ACTIVITY:
In the records below, the line with "средству или товару." and every line after it must be written out exactly; no pictures belong in the result.

---

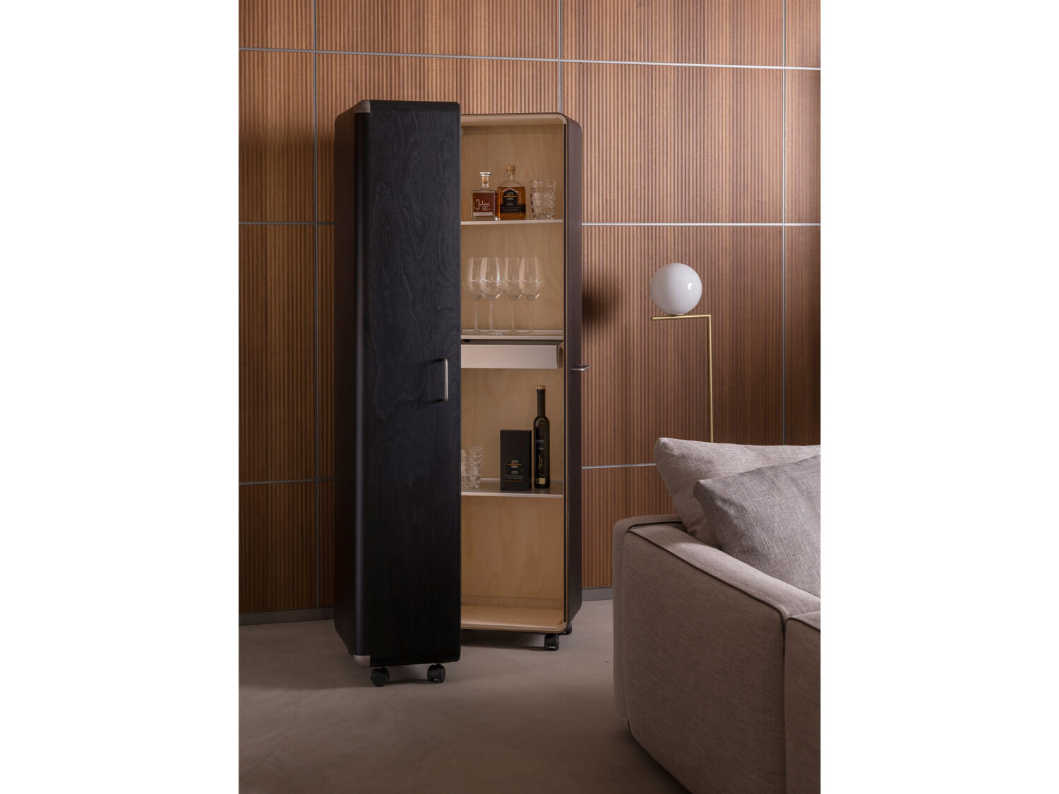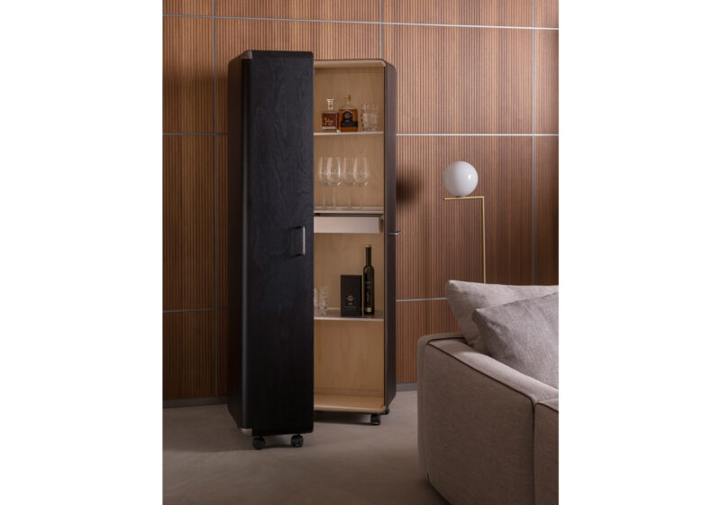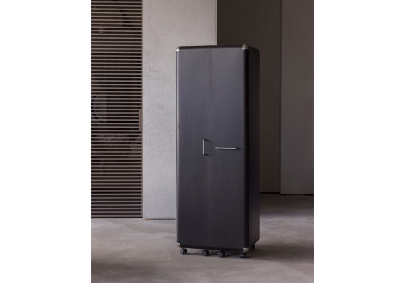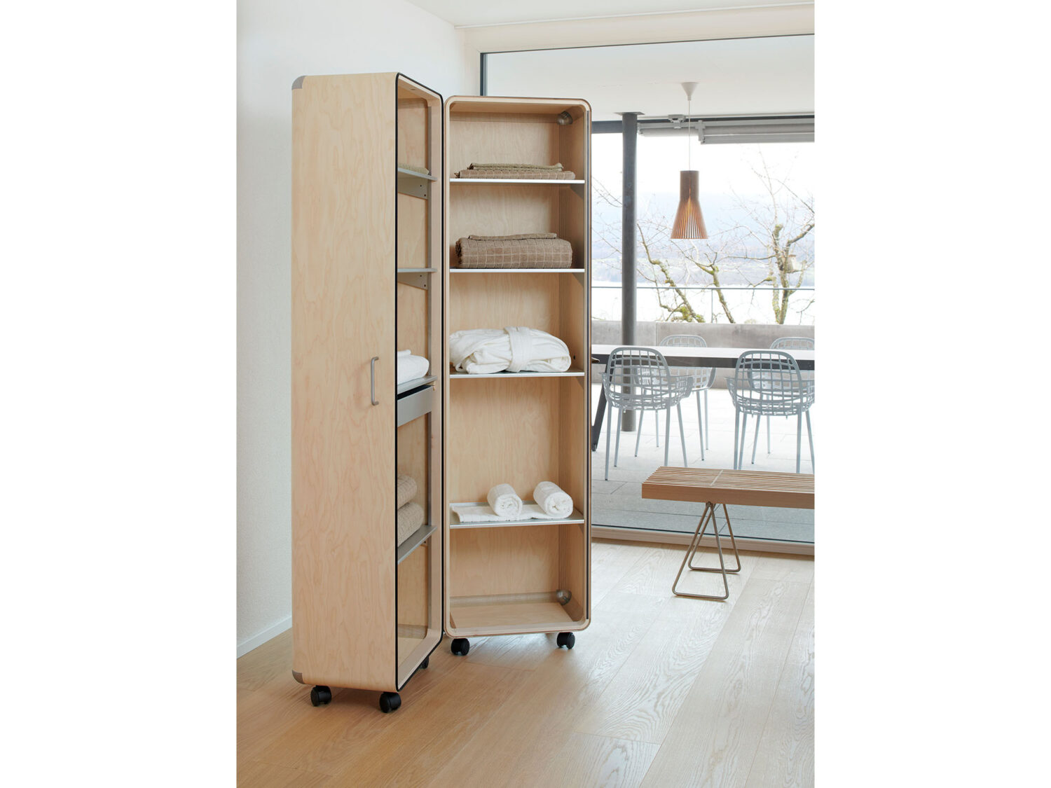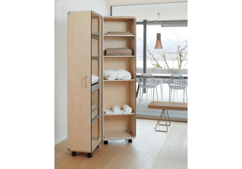 Shell is simple by nature and immediately revealing. Masterly craftsmanship makes its uncompromising restraint a pleasure to the eye. Selected large sheets of Finnish aviation plywood are grooved and molded into storage elements. Two caster-mounted elements enclose a dustproof interior.
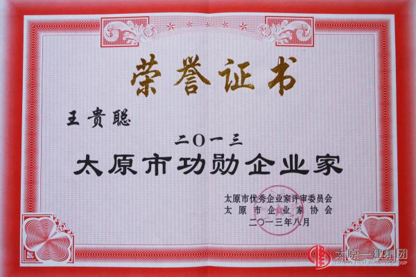 8月29日,太原市優(yōu)秀企業(yè)家評(píng)審委員會(huì)、太原市企業(yè)家協(xié)會(huì)召開第十四屆2013年太原市功勛企業(yè)家、杰出企業(yè)家、優(yōu)秀企業(yè)家表彰會(huì)議。集團(tuán)公司董事長總經(jīng)理王貴聰再度榮獲太原市功勛企業(yè)家稱號(hào)。
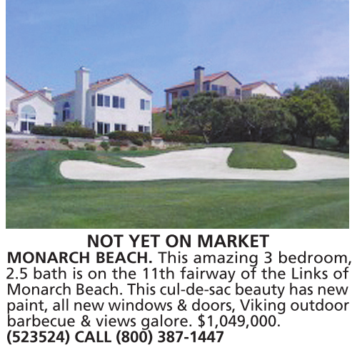 NOT YET ON MARKET MONARCH BEACH. This amazing 3 bedroom, 2.5 bath is on the 11th fairway of the Links of Monarch Beach. This cul-de-sac beauty has new paint, all new windows & doors, Viking outdoor barbecue & views galore. $1,049,000. (523524) CALL (800) 387-1447
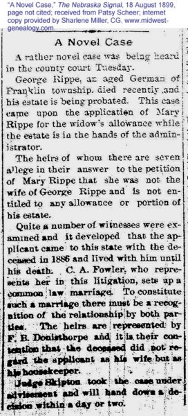Georg Rippe was born on 08 January 1826 and died 13 March 1899. He was buried at the Ohiowa Public Cemetery.
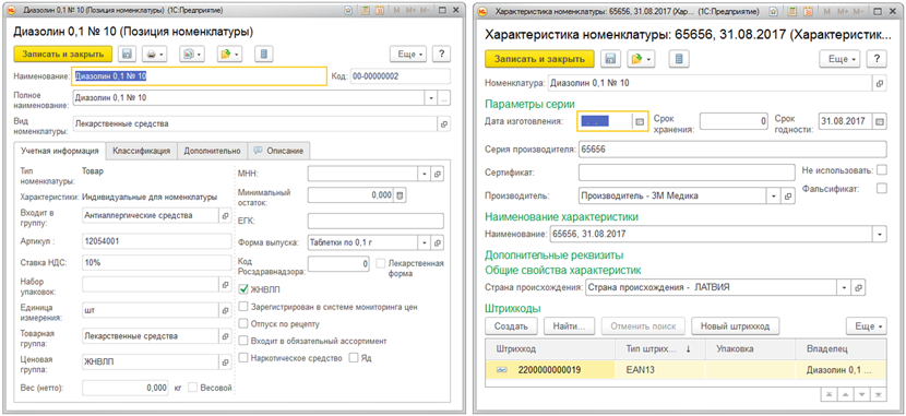 В конфигурации "Аптека" ведется учет по сериям для лекарственных средств. Серийный учет лекарственных средств реализован на базе механизма дополнительных характеристик. Решение позволяет вести учет жизненно необходимых и важных лекарственных средств (ЖНВЛП), обязательного аптечного ассортимента и специализированных групп, учет аналогов лекарственных средств, позволяющий найти замену отсутствующему лекарственному средству или товару.
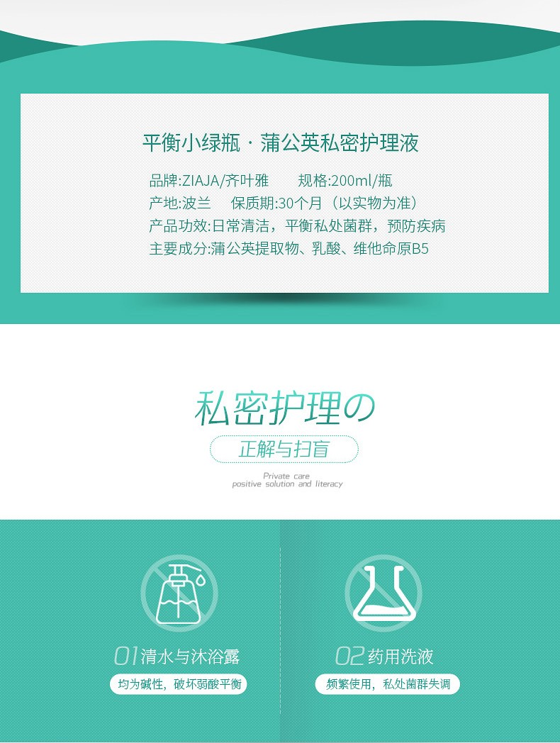 波兰ZIAJA/齐叶雅蒲公英私处护理液 200ml
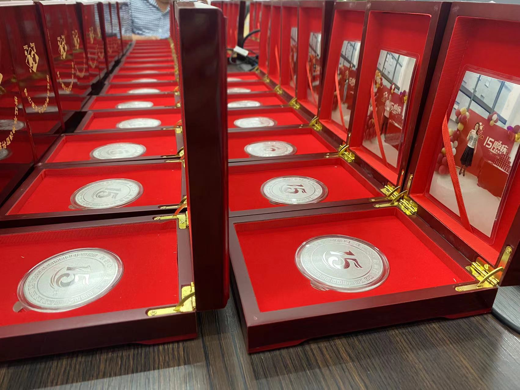 慶祝華神成立15周年的同時(shí)董事長周建國、總經(jīng)理周斌和副總經(jīng)理周曉蓉為每位員工頒發(fā)了華神十五周年紀(jì)念幣,鼓勵(lì)大家繼續(xù)團(tuán)結(jié)、勤奮、敬業(yè)、忠誠、熱情和智慧,譜寫下一個(gè)十五年的歲月華章。

---

SOLUTION BELOW:
 В конфигурации "Аптека" ведется учет по сериям для лекарственных средств. Серийный учет лекарственных средств реализован на базе механизма дополнительных характеристик. Решение позволяет вести учет жизненно необходимых и важных лекарственных средств (ЖНВЛП), обязательного аптечного ассортимента и специализированных групп, учет аналогов лекарственных средств, позволяющий найти замену отсутствующему лекарственному средству или товару.
 波兰ZIAJA/齐叶雅蒲公英私处护理液 200ml
 慶祝華神成立15周年的同時(shí)董事長周建國、總經(jīng)理周斌和副總經(jīng)理周曉蓉為每位員工頒發(fā)了華神十五周年紀(jì)念幣,鼓勵(lì)大家繼續(xù)團(tuán)結(jié)、勤奮、敬業(yè)、忠誠、熱情和智慧,譜寫下一個(gè)十五年的歲月華章。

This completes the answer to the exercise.